Please suggest, how to profile a kernel as listed out by NSYS output in NCU profiler.

Thanks

felix_dt · August 31, 2023, 8:31am

You have to specify the --kernel-name-base option to tell ncu which version of the kernel/function name it should consider for matching the filter. In your case, it would be --kernel-name-base demangled. Note that you can furthermore use regular expressions with the regex: prefix (as clarified in the docs) with -k.

sangames · August 31, 2023, 10:59am

Now with these NCU options

ncu --target-processes all -o report.ncu.tpall.out.%h.%p -f --kernel-name regex:cutlass_80_tensorop --kernel-name-base demangled

It fails with following error:

==ERROR== UnknownError
==ERROR== Failed to profile kernel "Kernel" in process 61987
==PROF== Trying to shutdown target application
==ERROR== The application returned an error code (9).
==ERROR== An error occurred while trying to profile.
==WARNING== No kernels were profiled.
srun: error: ak0038: task 20: Exited with exit code 9
srun: error: ak0040: task 39: Exited with exit code 9
==PROF== Profiling "void cutlass::Kernel<cutlass_80_tensorop_d884gemm_64x64_16x4_tn_align1>(T1::Params)": 0%

It’s an MPI code and srun[slurm] is used to run the job on nodes. However it works, if profiled only Rank 0 process:

if [[ ${SLURM_PROCID} -eq 0 ]]; then
        ncu --target-processes=all -o   report.ncu.tpall.out.%h.%p  -f --kernel-name regex:cutlass_80_tensorop  --kernel-name-base demangled "$@"
fi

Any option need to be used for multi-process profiling?
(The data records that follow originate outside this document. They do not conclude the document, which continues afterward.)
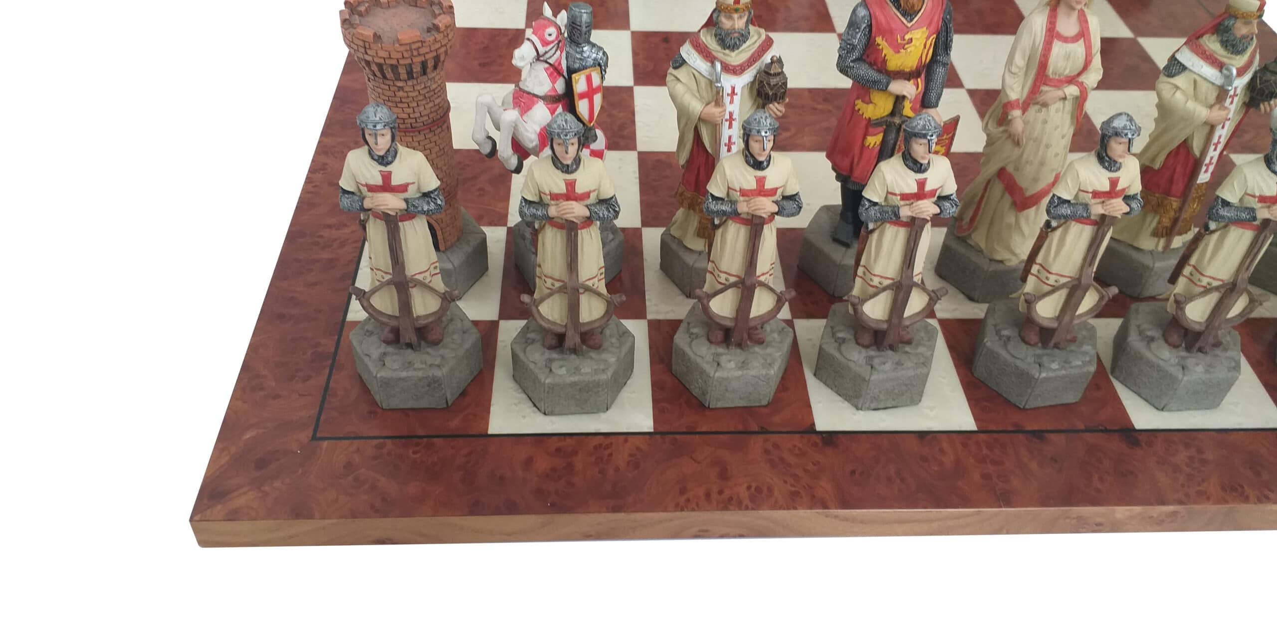 Riesen-Schachspiel Die Kreuzzüge aus Harz und Schachbrett aus Ulmen- und Heideholz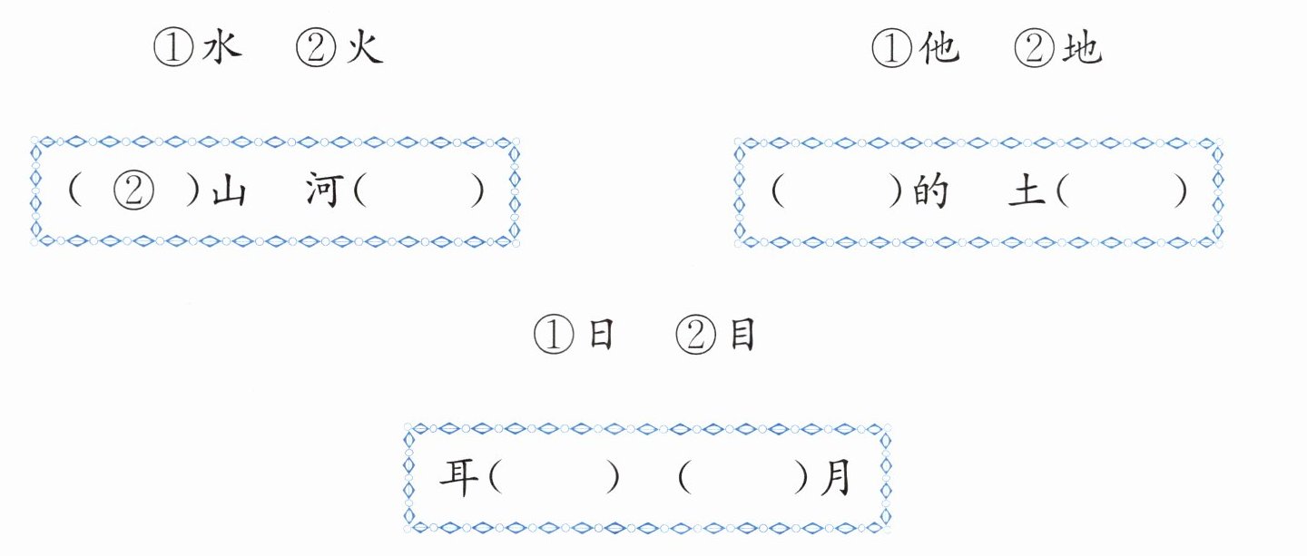 田字格中抄写(根据学生会写的字抄写,以下为示例):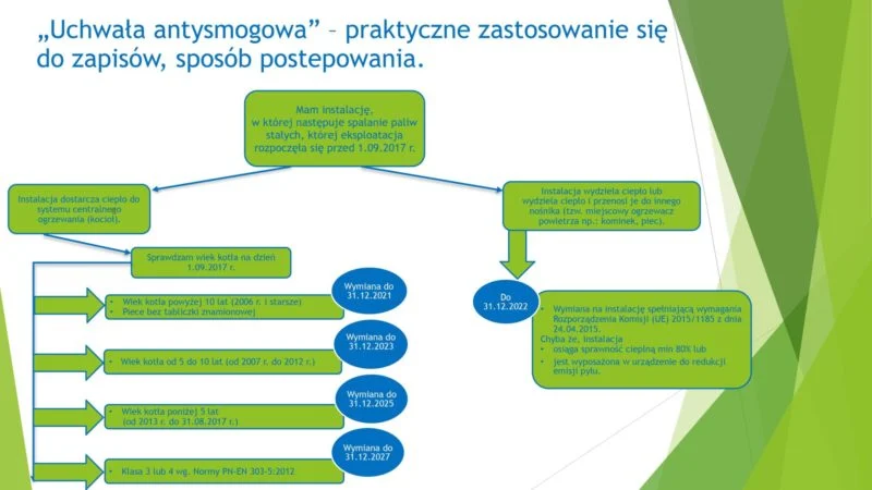 Najbliższy termin wynikający z uchwały, który nakłada na właścicieli budynków obowiązek wymiany źródeł ciepła to koniec roku 2021 i dotyczy tych pieców, które są eksploatowane dłużej niż 10 lat od daty ich produkcji lub gdy nie posiadają tabliczki znamionowej.

jmarusarz · August 31, 2023, 8:15pm

In general, we recommend profiling a single rank per node for MPI applications. Nsight Compute, by default, serializes kernels within a process, replays them, and needs a global lock on the profiling hardware. Because of this, multi-process applications with communication etc… like MPI applications, can often hang or fail when trying to profile multiple ranks in parallel.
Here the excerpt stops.